Many science fiction novels feel as epic as Disney movies because they adapt the narrative scaffold of traditional epics dating back to Homer’s Iliad and Odyssey and Virgil’s Aeneid. And one epic quite relevant for this type of big picture narrative about AI is John Milton’s Paradise Lost, the epic to end all epics, the swan song that signaled the shift to the novel, the fusion of Genesis and Rome, an encyclopedia of seventeenth-century scientific thought and political critique as the British monarchy collapsed under  the rushing sword of Oliver Cromwell.

Most relevant is how Milton depicts the fall of Eve.

Milton lays the groundwork for Eve’s fall in Book Five, when the archangel Raphael visits his friend Adam to tell him about the structure of the universe. Raphael has read his Aquinas: like proponents of superintelligence, he endorses the great chain of being. Here’s his response to Adam when the “Patriarch of mankind” offers the angel mere human food:

Adam, one Almightie is, from whom
All things proceed, and up to him return,
If not deprav’d from good, created all
Such to perfection, one first matter all,
Indu’d with various forms various degrees
Of substance, and in things that live, of life;
But more refin’d, more spiritous, and pure,
As neerer to him plac’t or neerer tending
Each in thir several active Sphears assignd,
Till body up to spirit work, in bounds
Proportiond to each kind.  So from the root
Springs lighter the green stalk, from thence the leaves
More aerie, last the bright consummate floure
Spirits odorous breathes: flours and thir fruit
Mans nourishment, by gradual scale sublim’d
To vital Spirits aspire, to animal,
To intellectual, give both life and sense,
Fansie and understanding, whence the Soule
Reason receives, and reason is her being,
Discursive, or Intuitive; discourse
Is oftest yours, the latter most is ours,
Differing but in degree, of kind the same.

Raphael basically charts the great chain of being in the passage. Angels think faster than people, they reason in intuitions while we have to break things down analytically to have any hope of communicating with one another and collaborating.

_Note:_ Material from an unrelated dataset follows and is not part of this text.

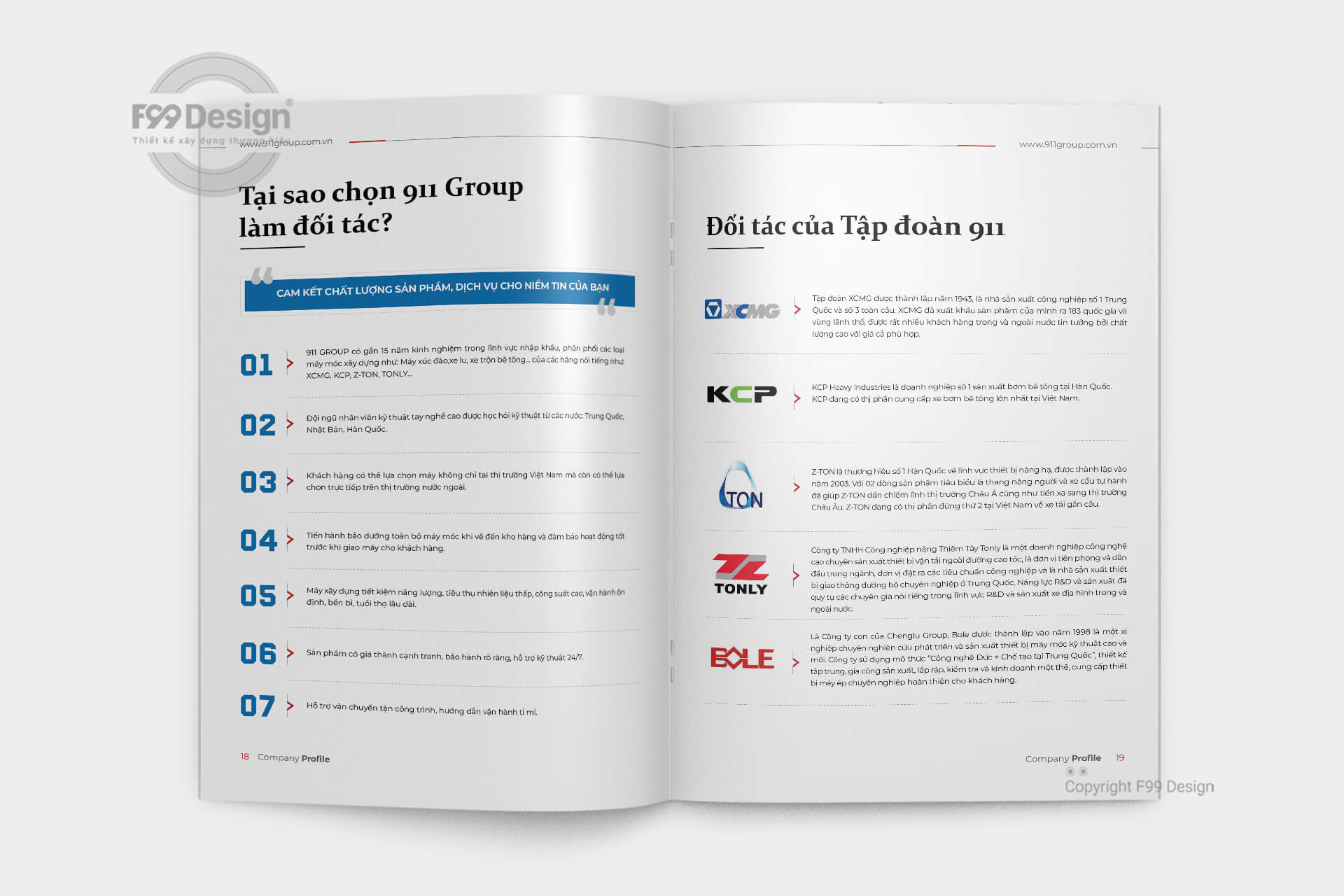 Với đội ngũ tư vấn thiết kế chuyên nghiệp nhiều năm kinh nghiệm về đấu thầu, dự thầu cho công ty, doanh nghiệp các công ty mới thành lập (công ty cổ phần, công ty TNHH…) dễ dàng gây ấn tượng thông qua cuốn Hồ sơ năng lực (Company Profile) một cách hiệu quả. Với kinh nghiệm hơn 6 năm hoạt động về xây dựng cuốn hồ sơ năng lực, khách hàng hoàn toàn yên tâm về chất lượng, giá rẻ, cũng như dịch vụ tại F99 Design. F99 Design cam kết mang tới khách hàng cuốn hồ sơ đầy đủ hồ sơ pháp lý, dịch vụ, mời thầu để gia tăng giá trị dự thầu cho nhà thầu một cách hiệu quả.

Daniel Kahnemann’s partition between discursive and intuitive thought in Thinking, Fast and Slow had an analogue in the seventeenth century, where philosophers distinguished the slow, composite, discursive knowledge available in geometry and math proofs from the fast, intuitive, social insights that enabled some to size up a room and be the wittiest guest at a cocktail party.

Raphael explains to Adam that, through patient, diligent reasoning and exploration, he and Eve will come to be more like angels, gradually scaling the hierarchy of being to ennoble themselves. But on the condition that they follow the one commandment never to eat the fruit from the forbidden tree, a rule that escapes reason, that is a dictum intended to remain unexplained, a test of obedience.

But Eve is more curious than that and Satan uses her curiosity to his advantage. In Book Nine, Milton fashions Satan in his trappings as snake as a master orator who preys upon Eve’s curiosity to persuade her to eat of the forbidden fruit. After failing to exploit her vanity, he changes strategies and exploits her desire for knowledge, basing his argument on an analogy up the great chain of being:

O Sacred, Wise, and Wisdom-giving Plant,
Mother of Science, Now I feel thy Power
Within me cleere, not onely to discerne
Things in thir Causes, but to trace the wayes
Of highest Agents, deemd however wise.
Queen of this Universe, doe not believe
Those rigid threats of Death; ye shall not Die:
How should ye? by the Fruit? it gives you Life
To Knowledge? By the Threatner, look on mee,
Mee who have touch’d and tasted, yet both live,
And life more perfet have attaind then Fate
Meant mee, by ventring higher then my Lot.
That ye should be as Gods, since I as Man,
Internal Man, is but proportion meet,
I of brute human, yee of human Gods.
So ye shall die perhaps, by putting off
Human, to put on Gods, death to be wisht,
Though threat’nd, which no worse then this can bring.

 

Satan exploits Eve’s mental model of the great chain of being to tempt her to eat the forbidden apple. Mere animals, snakes can’t talk. A talking snake, therefore, must have done something to cheat the great chain of being, to elevate itself to the status of man. So too, argues Satan, can Eve shortcut her growth from man to angel by eating the forbidden fruit. The fall of mankind rests upon our propensity to rely on analogy. May the defenders of causal inference rejoice.[5]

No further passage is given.